If you use this code or these benchmarks in your research, please cite the following publication: Hrayr Harutyunyan, Hrant Khachatrian, David C. Kale, and Aram Galstyan. Multitask Learning and Benchmarking with Clinical Time Series Data. arXiv:1703.07771 which is now available on arXiv. This paper is currently under review for SIGKDD and if accepted, the citation will change. Please be sure also to cite the original MIMIC-III paper.

Motivation

Despite rapid growth in research that applies machine learning to clinical data, progress in the field appears far less dramatic than in other applications of machine learning. In image recognition, for example, the winning error rates in the ImageNet Large Scale Visual Recognition Challenge (ILSVRC) plummeted almost 90% from 2010 (0.2819) to 2016 (0.02991). There are many reasonable explanations for this discrepancy: clinical data sets are inherently noisy and uncertain and often small relative to their complexity, and for many problems of interest, ground truth labels for training and evaluation are unavailable.

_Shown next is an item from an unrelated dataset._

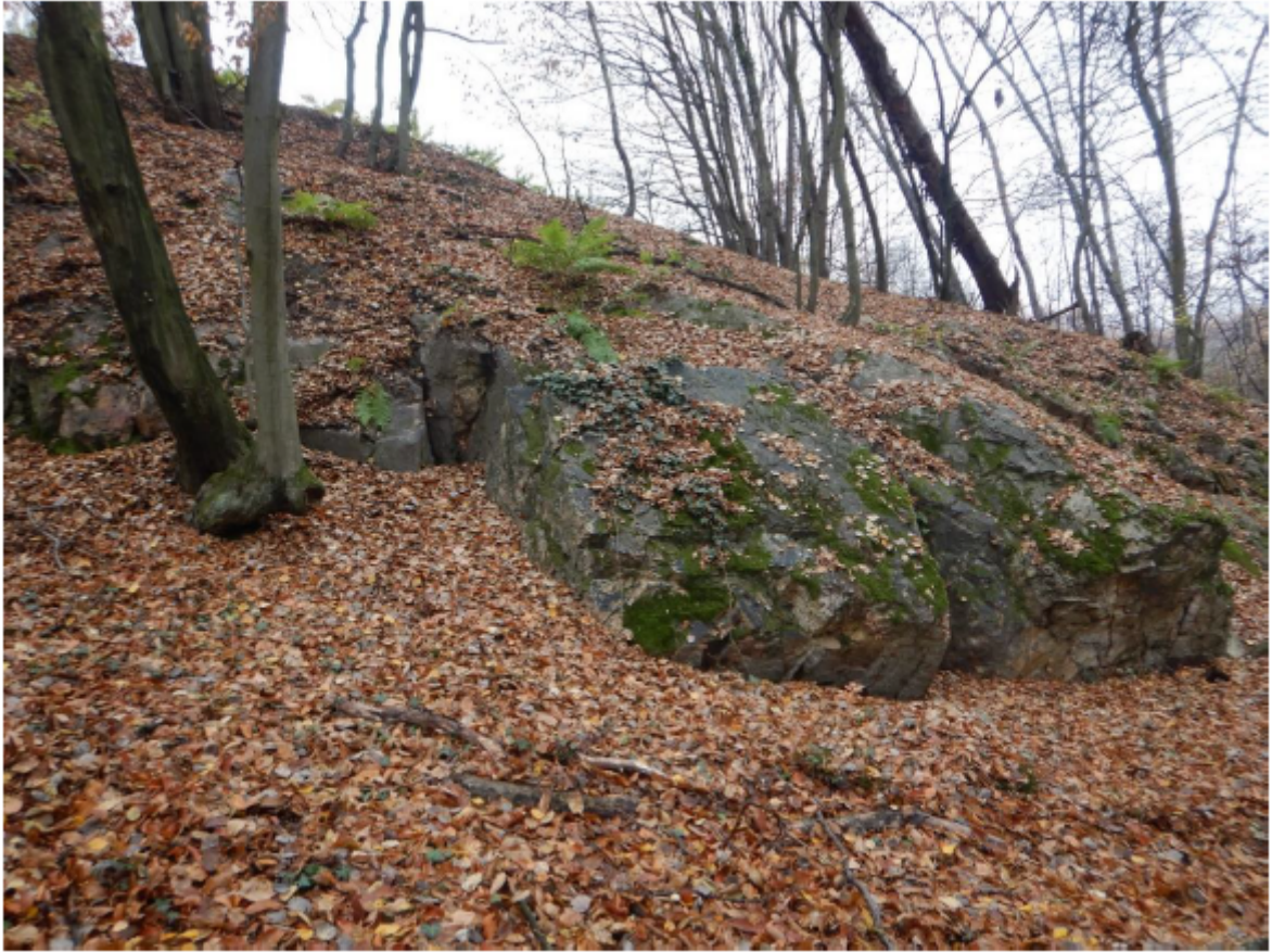
Fot. 2. Skalki Kamieńczyk na Klonówce – skalki w północnej części (I) pomnika przyrody od strony południowo-zachodniej, listopad 2025 r. (fot. A. Kasza).

However, there is another, simpler explanation: practical progress has been difficult to measure due to the absence of community benchmarks like ImageNet. Such benchmarks play an important role in accelerating progress in machine learning research. For one, they focus the community on specific problems and stoke ongoing debate about what those problems should be. They also reduce the startup overhead for researchers moving into a new area. Finally and perhaps most important, benchmarks facilitate reproducibility and direct comparison of competing ideas.

Here we present four public benchmarks for machine learning researchers interested in health care, built using data from the publicly available Medical Information Mart for Intensive Care (MIMIC-III) database (paper, website). Our four clinical prediction tasks are critical care variants of four opportunities to transform health care using in "big clinical data" as described in Bates, et al, 2014:

  • early triage and risk assessment, i.e., mortality prediction
  • prediction of physiologic decompensation
  • identification of high cost patients, i.e. length of stay forecasting
  • characterization of complex, multi-system diseases, i.e., acute care phenotyping

In Harutyunyan, Khachatrian, Kale, and Galstyan 2017, we propose a multitask RNN architecture to solve these four tasks simultaneously and show that this model generally outperforms strong single task baselines.

Requirements

We do not provide the MIMIC-III data itself. You must acquire the data yourself from https://mimic.physionet.org/. Specifically, download the CSVs. Otherwise, generally we make liberal use of the following packages:

  • numpy
  • pandas

For logistic regression baselines sklearn is required. LSTM models use Keras.

Building a benchmark

Here are the required steps to build the benchmark. It assumes that you already have MIMIC-III dataset (lots of CSV files) on the disk.

  1. Clone the repo.

    git clone https://github.com/YerevaNN/mimic3-benchmarks/
    cd mimic3-benchmarks/
    
  2. Add the path to the PYTHONPATH (sorry for this).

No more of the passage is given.